**WORK INSTRUCTIONS:**
In your copy, include every line of the records exactly and no picture at all.

**LISTED RECORDS:**
☆ ☆ ☆ ☆

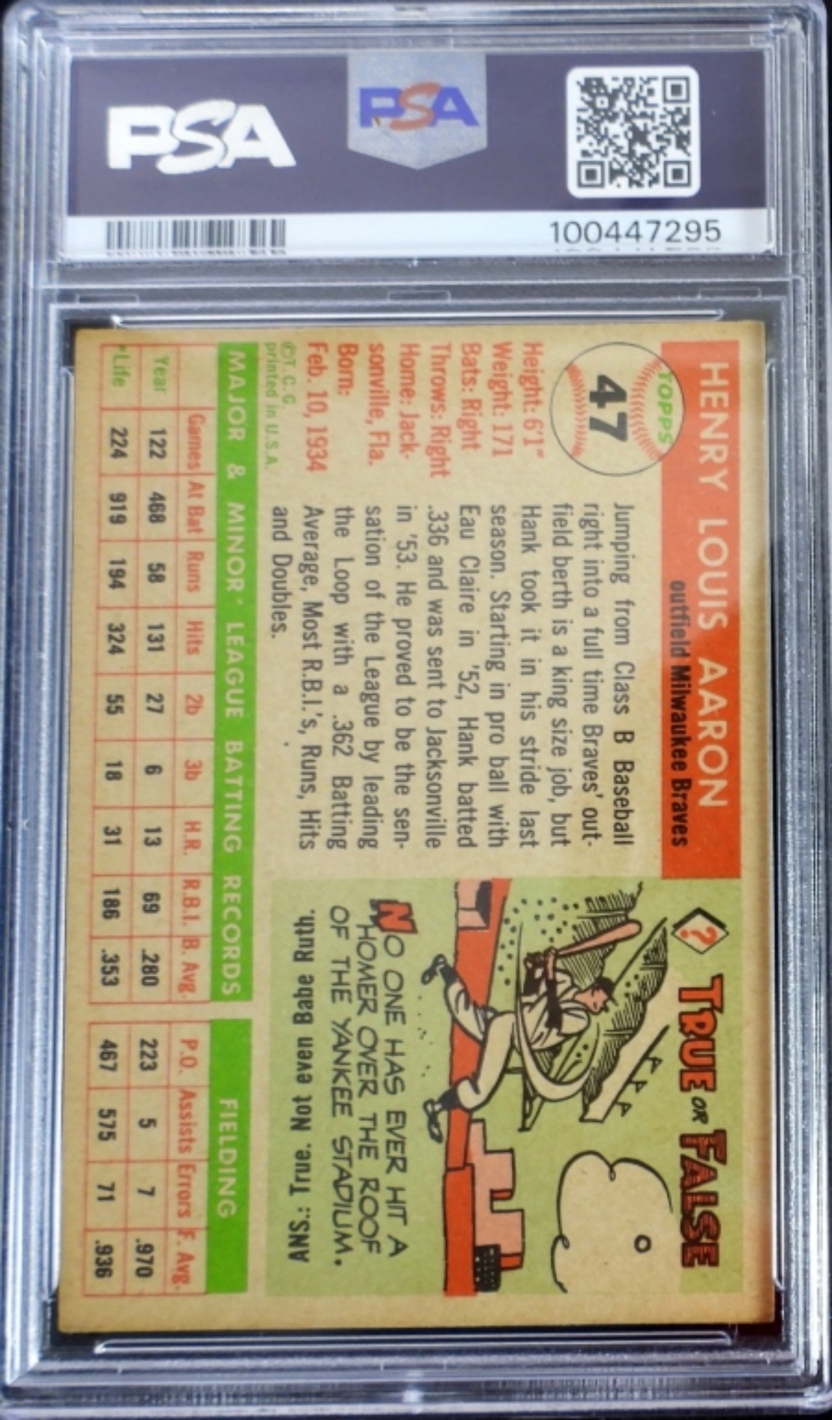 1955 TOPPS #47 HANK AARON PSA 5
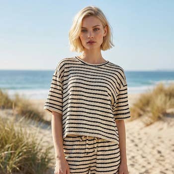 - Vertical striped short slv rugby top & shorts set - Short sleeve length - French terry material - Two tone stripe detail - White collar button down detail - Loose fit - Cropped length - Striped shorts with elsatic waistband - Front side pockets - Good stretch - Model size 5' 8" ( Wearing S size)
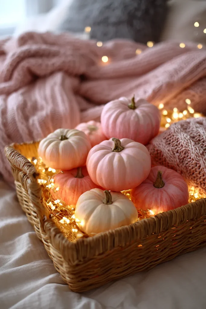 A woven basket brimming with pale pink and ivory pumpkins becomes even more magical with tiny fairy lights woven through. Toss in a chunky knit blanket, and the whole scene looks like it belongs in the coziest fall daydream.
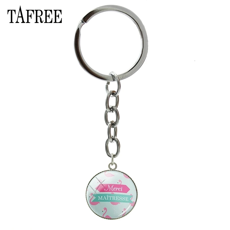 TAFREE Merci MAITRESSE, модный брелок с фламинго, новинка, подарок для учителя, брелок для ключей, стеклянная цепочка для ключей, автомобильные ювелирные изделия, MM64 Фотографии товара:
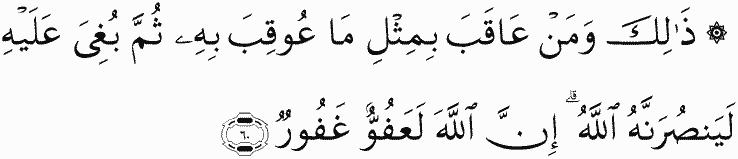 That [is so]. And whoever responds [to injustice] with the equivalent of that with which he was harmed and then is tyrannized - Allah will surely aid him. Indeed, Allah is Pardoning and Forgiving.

☆ ☆ ☆ ☆

**RESPONSE:**
 1955 TOPPS #47 HANK AARON PSA 5
 - Vertical striped short slv rugby top & shorts set - Short sleeve length - French terry material - Two tone stripe detail - White collar button down detail - Loose fit - Cropped length - Striped shorts with elsatic waistband - Front side pockets - Good stretch - Model size 5' 8" ( Wearing S size)
 A woven basket brimming with pale pink and ivory pumpkins becomes even more magical with tiny fairy lights woven through. Toss in a chunky knit blanket, and the whole scene looks like it belongs in the coziest fall daydream.
 TAFREE Merci MAITRESSE, модный брелок с фламинго, новинка, подарок для учителя, брелок для ключей, стеклянная цепочка для ключей, автомобильные ювелирные изделия, MM64 Фотографии товара:
 That [is so]. And whoever responds [to injustice] with the equivalent of that with which he was harmed and then is tyrannized - Allah will surely aid him. Indeed, Allah is Pardoning and Forgiving.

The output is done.